Here’s to my first blog entry — and it’s not because of a resolution! I loathe New Year’s Resolutions because they often result in crushing disappointment. We set unrealistic goals that can’t be attained and we beat ourselves up when we don’t deliver. So, let me be clear, starting this blog is NOT a resolution. It’s a decision to share what I have learned in 20+ years as an expert in partnership marketing.
Why now? Because so often I see what is a right and a wrong way for brands to “partner.” First of all, let’s look at what a partnership actually means. Merriam-Webster’s defines it as “close cooperation between parties having specified and joint rights and responsibilities.”
The key word here is joint. Most of the time, I engage with clients or prospects or read about programs and find there is a huge misconception about what partnership marketing actually could achieve. More often than not, I find it’s missing the main component – ‘joint’ So hopefully with this blog, I can enlighten you on a few things or start a friendly dialog on the topic (comments welcome!)

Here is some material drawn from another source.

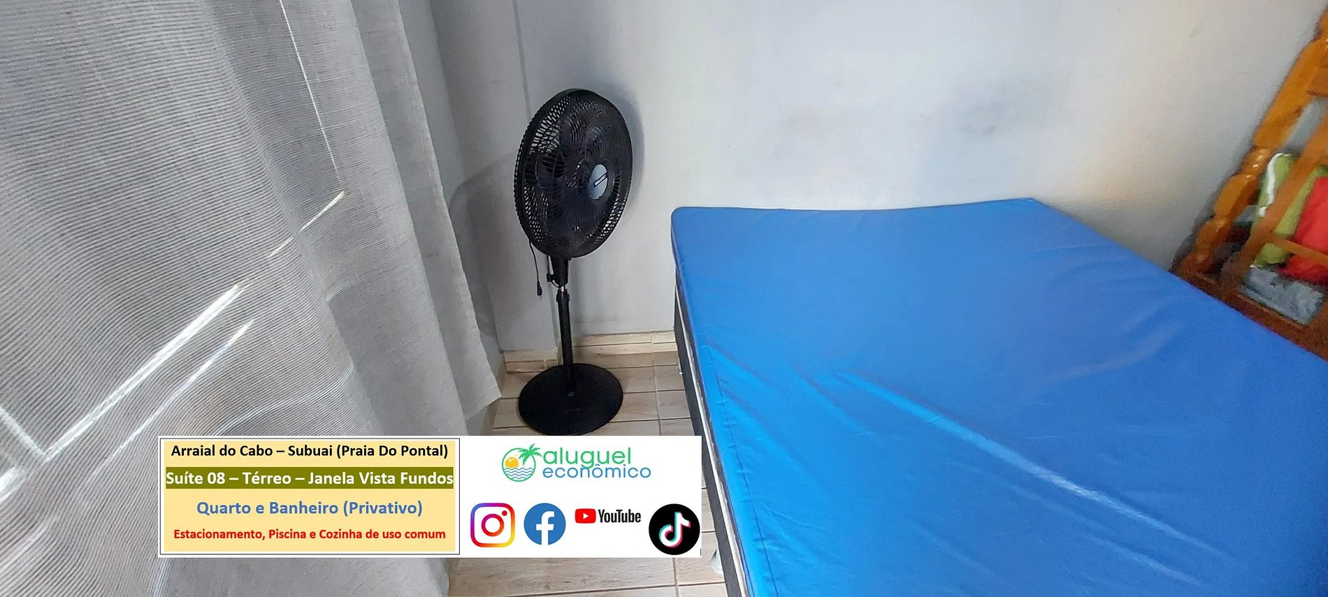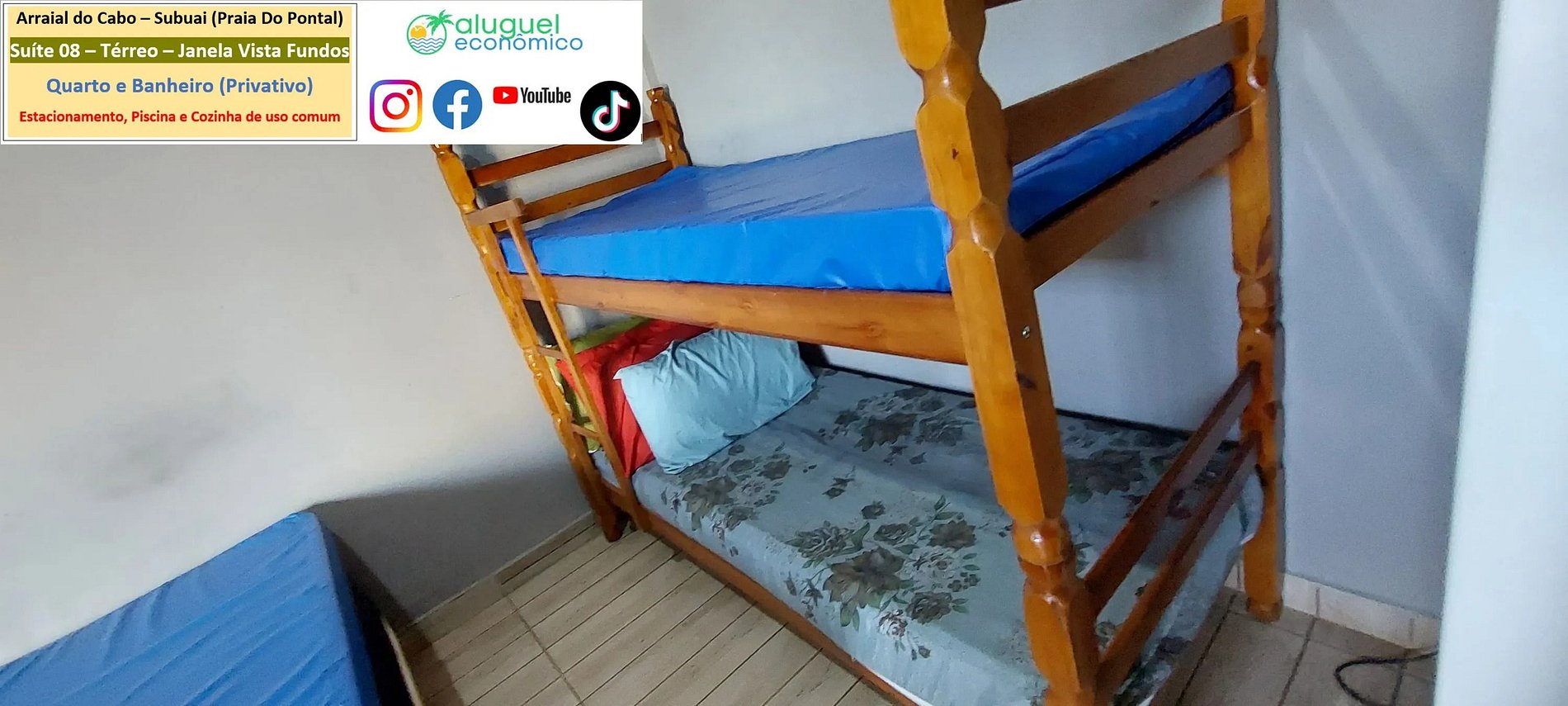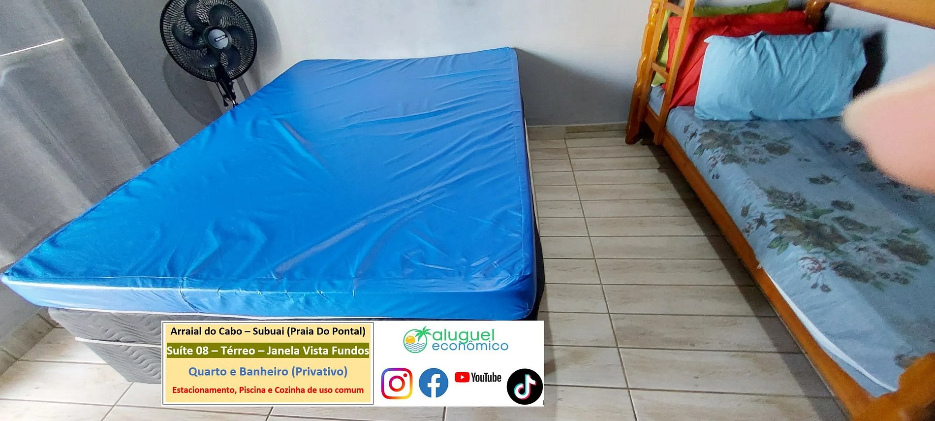 Accommodation Address: RJ-140 - Praia do Pontal, Arraial do Cabo - RJ (Subuai Village Arraial do Cabo) For more information about this property, please access the following link: https://www.alugueleconomico.com.br/pt/ Follow the contact details for more information about hosting: Margarete: 21 96754-7506 (Key delivery) Mara: 21 98107-1377 Carlos Eduardo: 21 98099-1377 Our email is as follows: atendimento@alugueleconomico.com.br Follow us on our social networks: Facebook page: https://www.facebook.com/alugueleconomicooficial Our Facebook group (Aluguel Economico): https://www.facebook.com/groups/184418835538966 Our Instagram page: https://www.instagram.com/alugueleconomico_pessoa/ Personal profile on Facebook: https://www.facebook.com/carloseduardobarros.leite.77 TikTok page: https://www.tiktok.com/@alugueleconomico_oficial

One of the biggest ‘partnership’ events of the year is coming up soon – The Super Bowl – and it was the catalyst for this inaugural piece. I don’t mean those pricey ads that air for 15 seconds. I mean the big-ticket partnerships – where brands pay huge sums to claim the ‘Official Clam Chowder of The Super Bowl.’ In fact, writing that word may get me served a cease and desist. The reality is that most brands will throw money into a “partnership” when, in actuality, it’s just a big one-sided sponsorship in disguise.
Straight up sponsorships are usually a brand paying for the privilege of a mention or to leverage an affiliation. However, most of these are negotiated and loosely referred to as partnerships, seldom delivering what is promised. Here’s three reasons why sponsorships are not partnerships:
- First, many times what you elect to sponsor is the same thing that has been peddled around to your competition. It’s cookie cutter and any brand can be slotted right in to make it work — or it is cobbled together to justify the fee and seldom executed in an optimal manner. It’s not unique to YOU.
- Secondly, there is no incentive for the sponsored property to find ways to make the partnership even better – to cut costs for you and even bring in additional partners that could increase your reach, impact and ROI. After the check clears, no one really cares HOW you are presented to the audience you’re trying to reach. Is it integrated, relevant, impactful? Usually not. Is it optimized in terms of cost efficiency and reach? Never.
- And lastly, your media assets are not recognized or factored into the equation. Your brand has built-in value that is not even considered when negotiating most partnerships. Your social media reach, your retail floor or window space, etc. are all media assets that can and should be monetized or at least taken into account as part of every deal.
So if you’ve read this far and are wondering, ”When is this guy going to tell us his New Year’s Resolution” (because you knew it was coming, right?). Well, I don’t have a resolution. All I can offer is this advice for 2017: Create true partnerships.
Start by looking for partners that can exchange media assets and properties IN LEIU of inflated media fees. Then, barter or create subsidized cost alliances – partnerships that mutually promote and add value to the campaign. Ensure everyone is using their proprietary assets for the common gain. Finally, don’t just accept scraps off the table – make sure a partnership is customized to maximize impact and value.
A true partnership should, at minimum, pay for itself. Additional Fun fact: for the average cost of one national sponsorship – average, not even Super Bowl media prices – you could have Regatta working 24-7 on your behalf for an entire year. Easily making back what you pay out (or your investment).
Maybe you can call this a resolution after all…. Or just a lifestyle change.